• Task to complete
Your answer must be an exact copy of the lines below, from the first through the one with "Visando a melhoria", with no pictures.

• Input
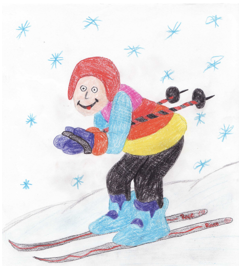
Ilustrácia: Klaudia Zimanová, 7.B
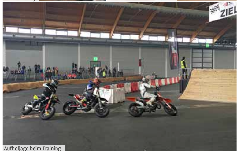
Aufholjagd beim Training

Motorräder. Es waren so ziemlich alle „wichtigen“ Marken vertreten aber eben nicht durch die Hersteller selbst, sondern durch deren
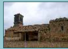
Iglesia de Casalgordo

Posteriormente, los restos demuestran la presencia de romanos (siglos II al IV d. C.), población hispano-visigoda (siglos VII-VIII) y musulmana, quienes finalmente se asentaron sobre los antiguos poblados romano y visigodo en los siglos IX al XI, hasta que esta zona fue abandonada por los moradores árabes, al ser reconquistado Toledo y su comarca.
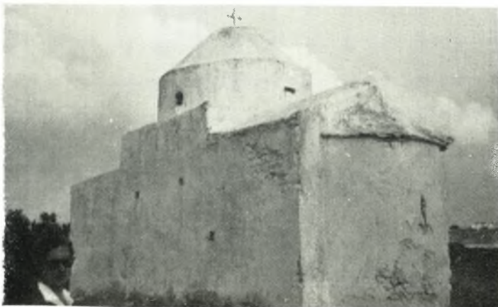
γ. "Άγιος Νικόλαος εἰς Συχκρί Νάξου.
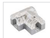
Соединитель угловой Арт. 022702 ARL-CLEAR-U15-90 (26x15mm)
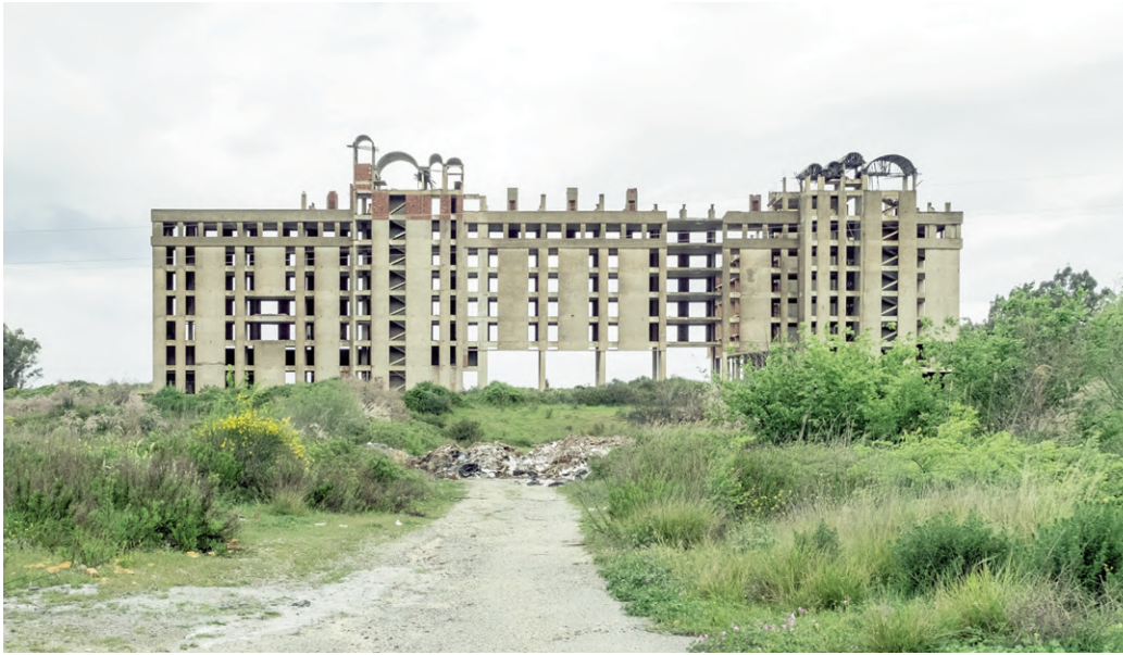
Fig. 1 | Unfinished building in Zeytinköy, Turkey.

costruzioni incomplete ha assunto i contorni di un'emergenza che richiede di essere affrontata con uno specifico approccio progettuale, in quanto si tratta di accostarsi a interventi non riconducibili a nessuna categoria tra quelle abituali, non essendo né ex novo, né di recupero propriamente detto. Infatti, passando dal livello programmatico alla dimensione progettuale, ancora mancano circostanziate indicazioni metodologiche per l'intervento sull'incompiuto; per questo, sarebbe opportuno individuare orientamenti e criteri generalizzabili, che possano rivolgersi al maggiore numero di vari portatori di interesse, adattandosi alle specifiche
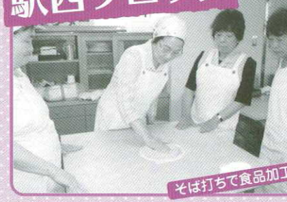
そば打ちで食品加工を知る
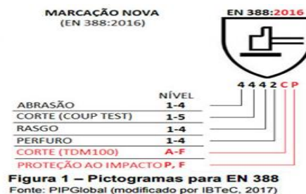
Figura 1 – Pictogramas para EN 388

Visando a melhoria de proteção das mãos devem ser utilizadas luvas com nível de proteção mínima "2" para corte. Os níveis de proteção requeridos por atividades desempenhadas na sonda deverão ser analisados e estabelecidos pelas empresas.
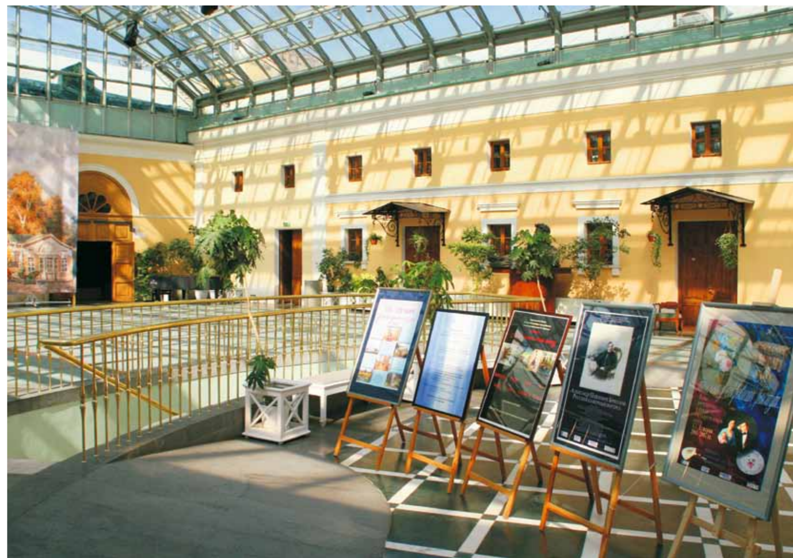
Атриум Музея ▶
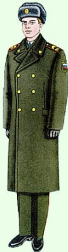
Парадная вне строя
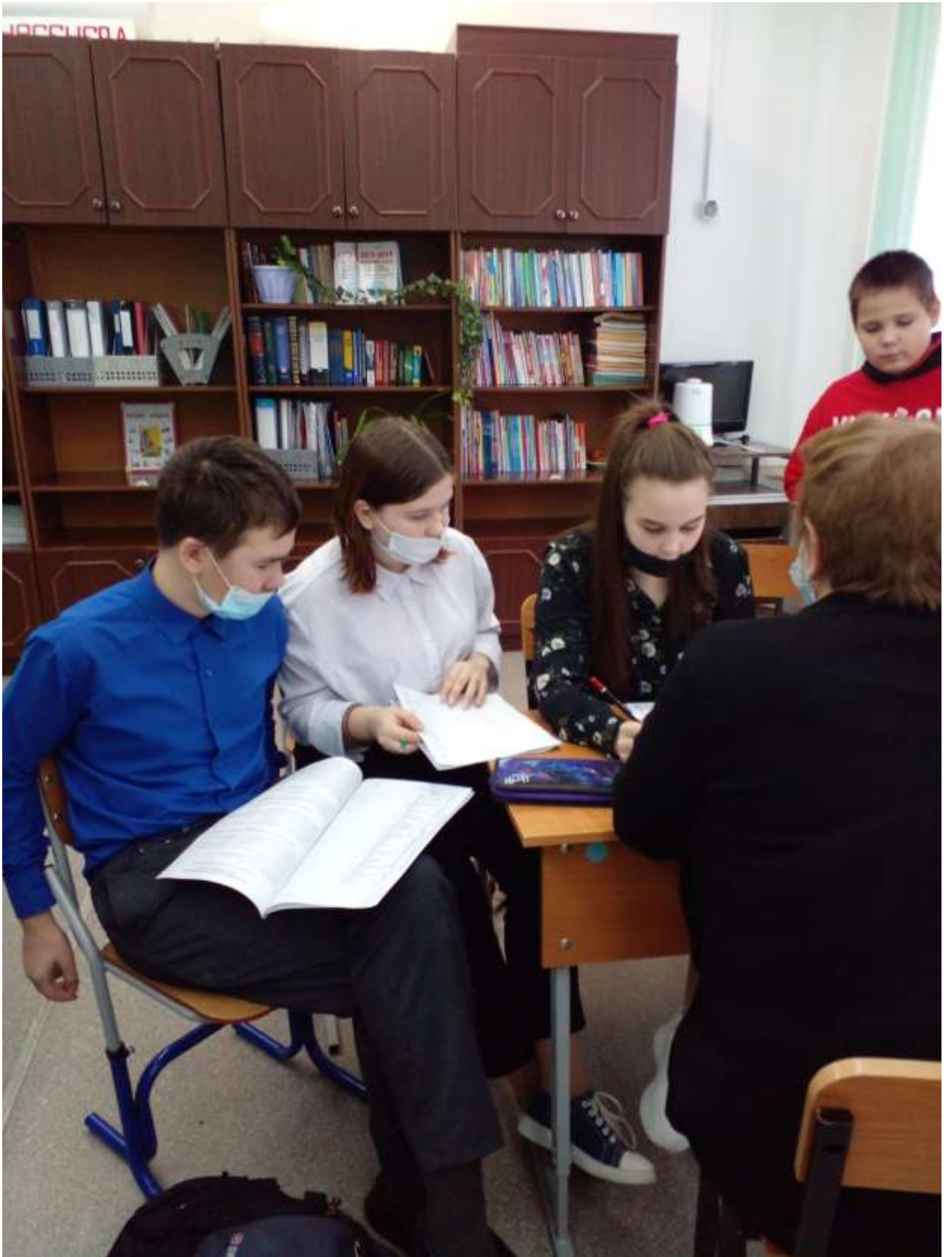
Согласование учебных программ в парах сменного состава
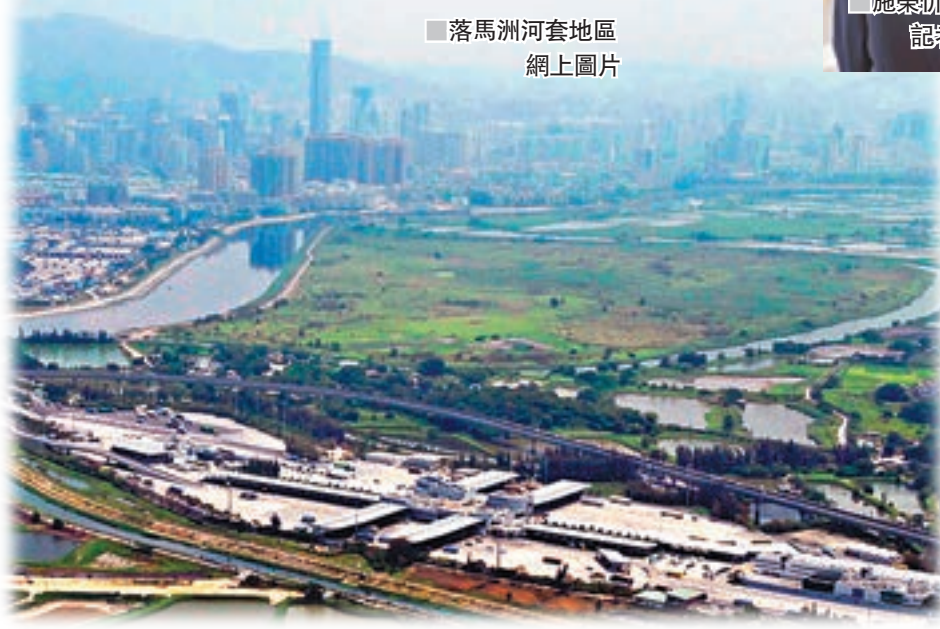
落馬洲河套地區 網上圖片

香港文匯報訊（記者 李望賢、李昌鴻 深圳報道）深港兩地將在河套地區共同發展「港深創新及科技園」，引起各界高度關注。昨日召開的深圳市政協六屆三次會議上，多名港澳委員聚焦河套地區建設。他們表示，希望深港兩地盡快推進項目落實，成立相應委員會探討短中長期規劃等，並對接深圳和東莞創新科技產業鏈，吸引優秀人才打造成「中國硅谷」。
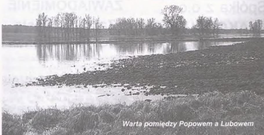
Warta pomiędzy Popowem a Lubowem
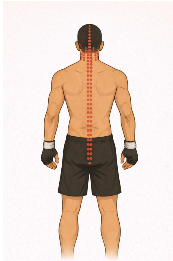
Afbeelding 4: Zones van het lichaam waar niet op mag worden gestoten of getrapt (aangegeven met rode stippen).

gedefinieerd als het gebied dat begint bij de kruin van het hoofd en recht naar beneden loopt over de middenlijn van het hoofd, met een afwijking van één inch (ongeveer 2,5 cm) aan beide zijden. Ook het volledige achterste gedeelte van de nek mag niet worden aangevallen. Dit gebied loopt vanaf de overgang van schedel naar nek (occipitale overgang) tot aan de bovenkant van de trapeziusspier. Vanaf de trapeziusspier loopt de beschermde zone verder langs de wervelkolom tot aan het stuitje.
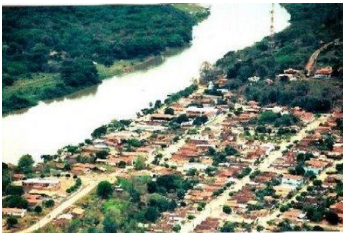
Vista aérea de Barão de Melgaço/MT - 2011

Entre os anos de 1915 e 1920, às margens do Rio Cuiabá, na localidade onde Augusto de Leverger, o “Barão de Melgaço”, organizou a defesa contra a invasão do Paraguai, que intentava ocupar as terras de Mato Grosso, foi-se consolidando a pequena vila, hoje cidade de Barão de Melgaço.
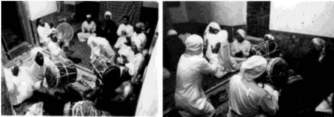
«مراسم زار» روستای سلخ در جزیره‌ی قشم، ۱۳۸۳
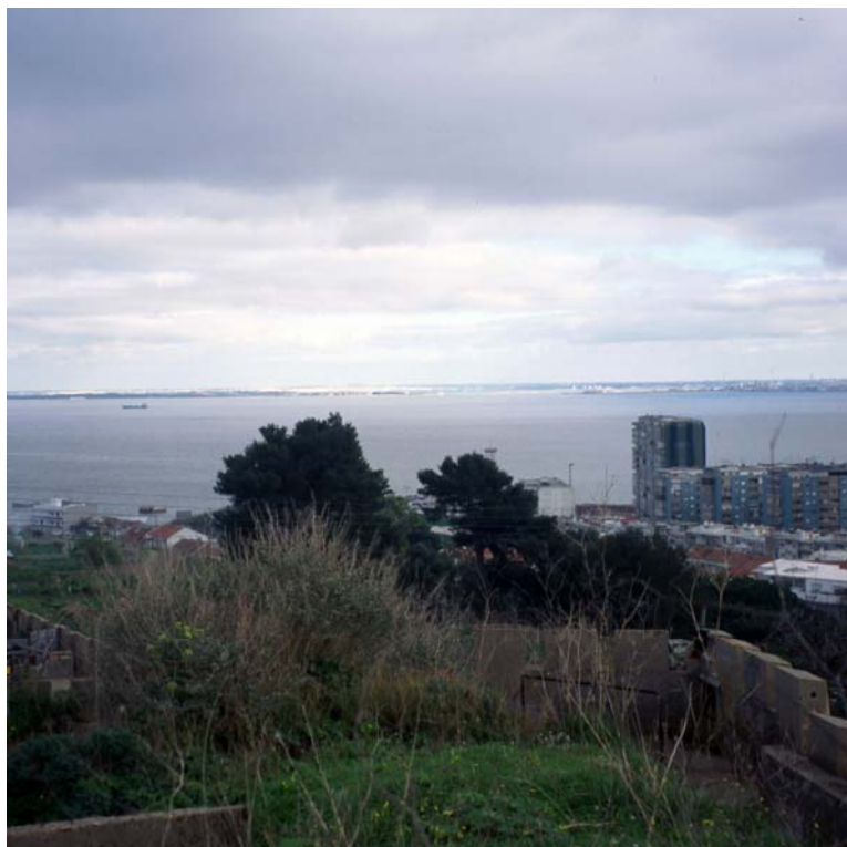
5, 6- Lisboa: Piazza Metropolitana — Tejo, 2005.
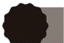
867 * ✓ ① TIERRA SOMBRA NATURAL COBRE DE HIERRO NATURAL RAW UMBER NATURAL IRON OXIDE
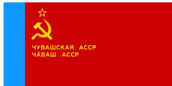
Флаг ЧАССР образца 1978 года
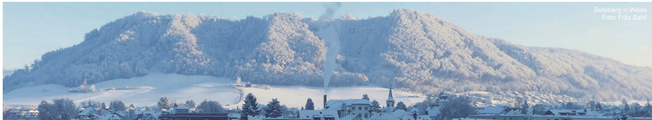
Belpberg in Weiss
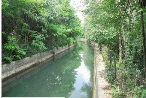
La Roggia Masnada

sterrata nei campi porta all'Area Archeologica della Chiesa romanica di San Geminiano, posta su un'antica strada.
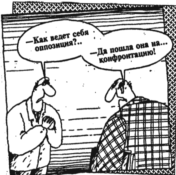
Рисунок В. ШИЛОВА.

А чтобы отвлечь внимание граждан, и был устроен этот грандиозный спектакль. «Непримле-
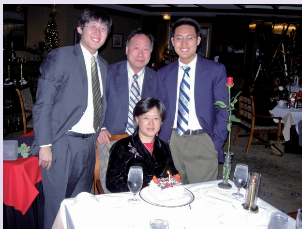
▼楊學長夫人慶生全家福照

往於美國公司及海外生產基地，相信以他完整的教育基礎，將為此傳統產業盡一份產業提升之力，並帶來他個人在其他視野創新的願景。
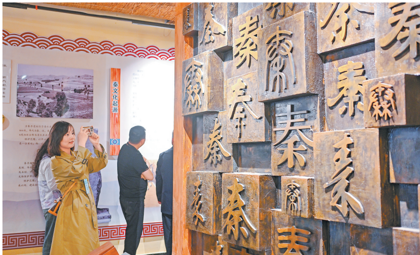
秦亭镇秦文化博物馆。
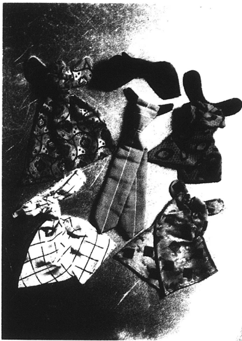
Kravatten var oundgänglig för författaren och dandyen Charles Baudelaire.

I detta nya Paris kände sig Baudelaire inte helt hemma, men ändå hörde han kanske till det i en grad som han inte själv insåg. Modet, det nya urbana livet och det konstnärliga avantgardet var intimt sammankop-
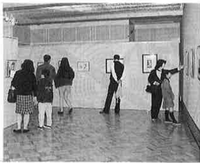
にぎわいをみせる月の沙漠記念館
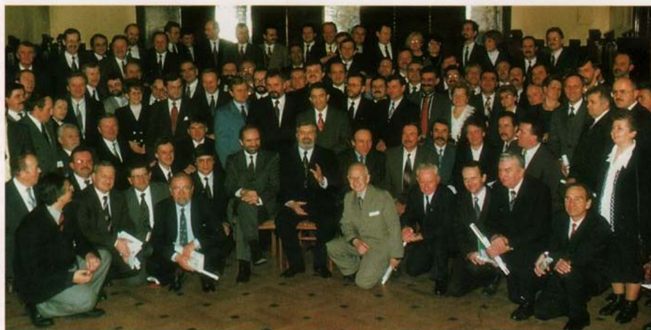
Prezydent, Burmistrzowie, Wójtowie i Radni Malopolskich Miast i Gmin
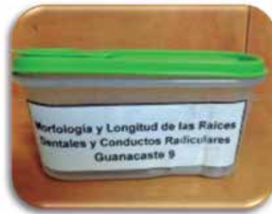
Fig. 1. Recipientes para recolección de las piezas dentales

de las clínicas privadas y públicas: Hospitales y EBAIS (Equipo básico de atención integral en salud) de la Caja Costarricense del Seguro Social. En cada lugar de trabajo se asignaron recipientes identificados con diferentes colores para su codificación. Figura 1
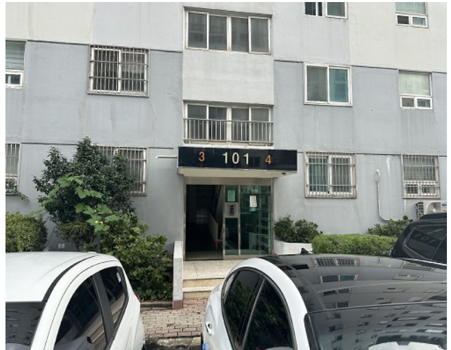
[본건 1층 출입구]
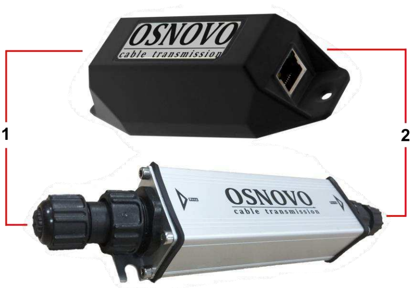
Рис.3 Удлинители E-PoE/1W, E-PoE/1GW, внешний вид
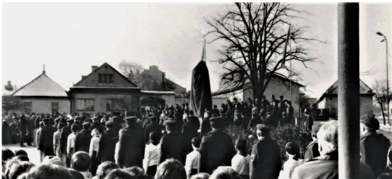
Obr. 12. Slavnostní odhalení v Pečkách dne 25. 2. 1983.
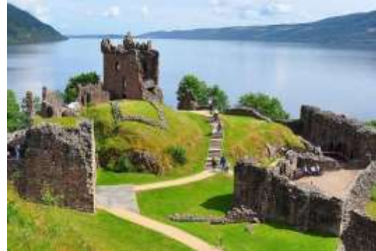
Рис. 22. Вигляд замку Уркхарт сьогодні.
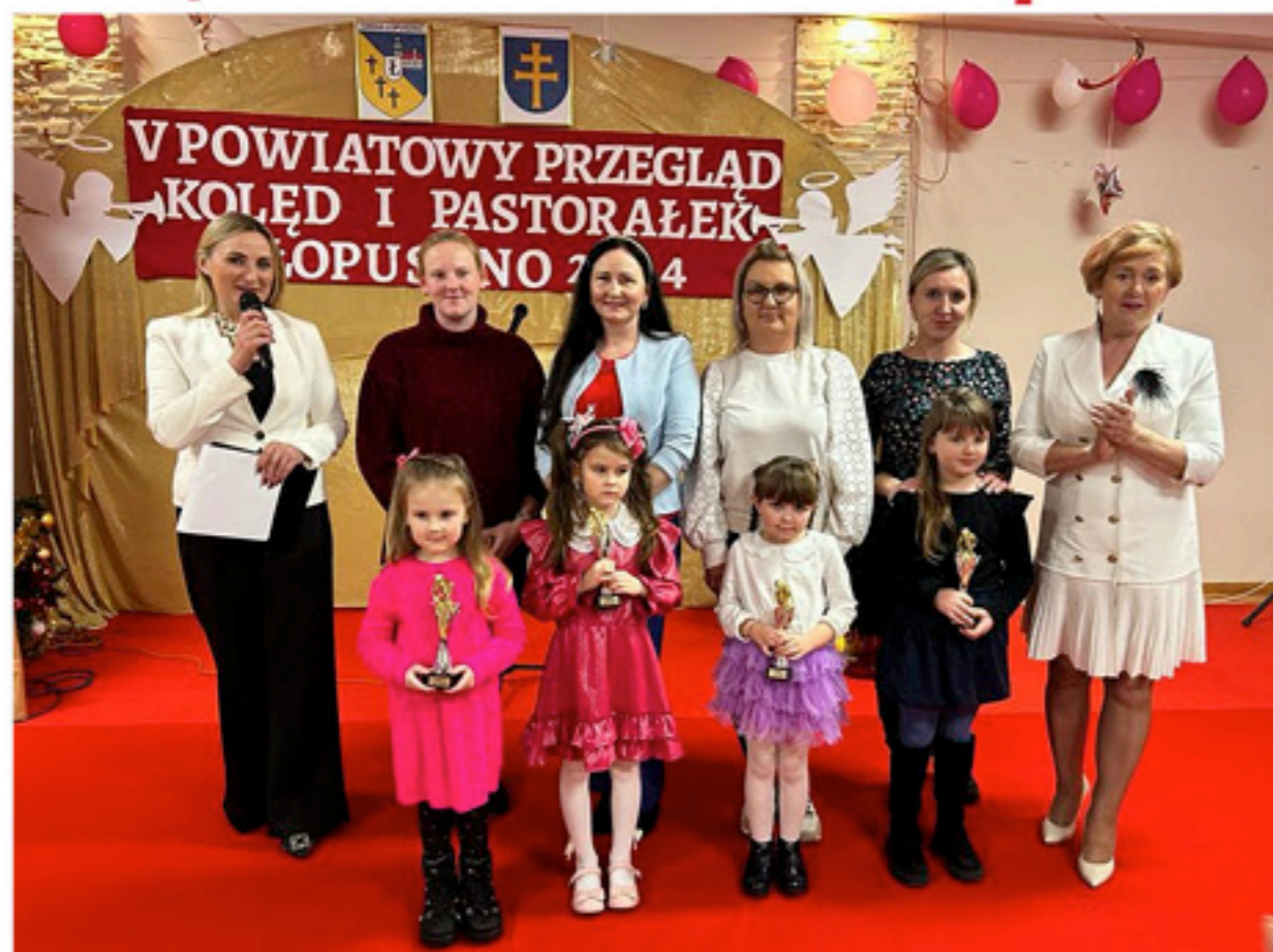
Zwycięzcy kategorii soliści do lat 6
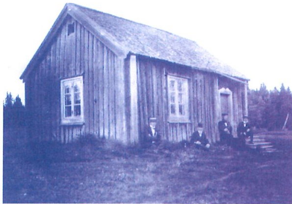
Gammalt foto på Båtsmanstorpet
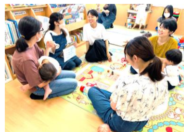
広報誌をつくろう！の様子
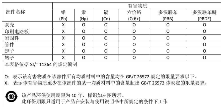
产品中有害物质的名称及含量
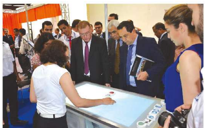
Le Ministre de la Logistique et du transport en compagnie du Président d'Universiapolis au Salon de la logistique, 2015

• Solved problem
Ilustrácia: Klaudia Zimanová, 7.B
Aufholjagd beim Training

Motorräder. Es waren so ziemlich alle „wichtigen“ Marken vertreten aber eben nicht durch die Hersteller selbst, sondern durch deren
Iglesia de Casalgordo

Posteriormente, los restos demuestran la presencia de romanos (siglos II al IV d. C.), población hispano-visigoda (siglos VII-VIII) y musulmana, quienes finalmente se asentaron sobre los antiguos poblados romano y visigodo en los siglos IX al XI, hasta que esta zona fue abandonada por los moradores árabes, al ser reconquistado Toledo y su comarca.
γ. "Άγιος Νικόλαος εἰς Συχκρί Νάξου.
Соединитель угловой Арт. 022702 ARL-CLEAR-U15-90 (26x15mm)
Fig. 1 | Unfinished building in Zeytinköy, Turkey.

costruzioni incomplete ha assunto i contorni di un'emergenza che richiede di essere affrontata con uno specifico approccio progettuale, in quanto si tratta di accostarsi a interventi non riconducibili a nessuna categoria tra quelle abituali, non essendo né ex novo, né di recupero propriamente detto. Infatti, passando dal livello programmatico alla dimensione progettuale, ancora mancano circostanziate indicazioni metodologiche per l'intervento sull'incompiuto; per questo, sarebbe opportuno individuare orientamenti e criteri generalizzabili, che possano rivolgersi al maggiore numero di vari portatori di interesse, adattandosi alle specifiche
そば打ちで食品加工を知る
Figura 1 – Pictogramas para EN 388

Visando a melhoria de proteção das mãos devem ser utilizadas luvas com nível de proteção mínima "2" para corte. Os níveis de proteção requeridos por atividades desempenhadas na sonda deverão ser analisados e estabelecidos pelas empresas.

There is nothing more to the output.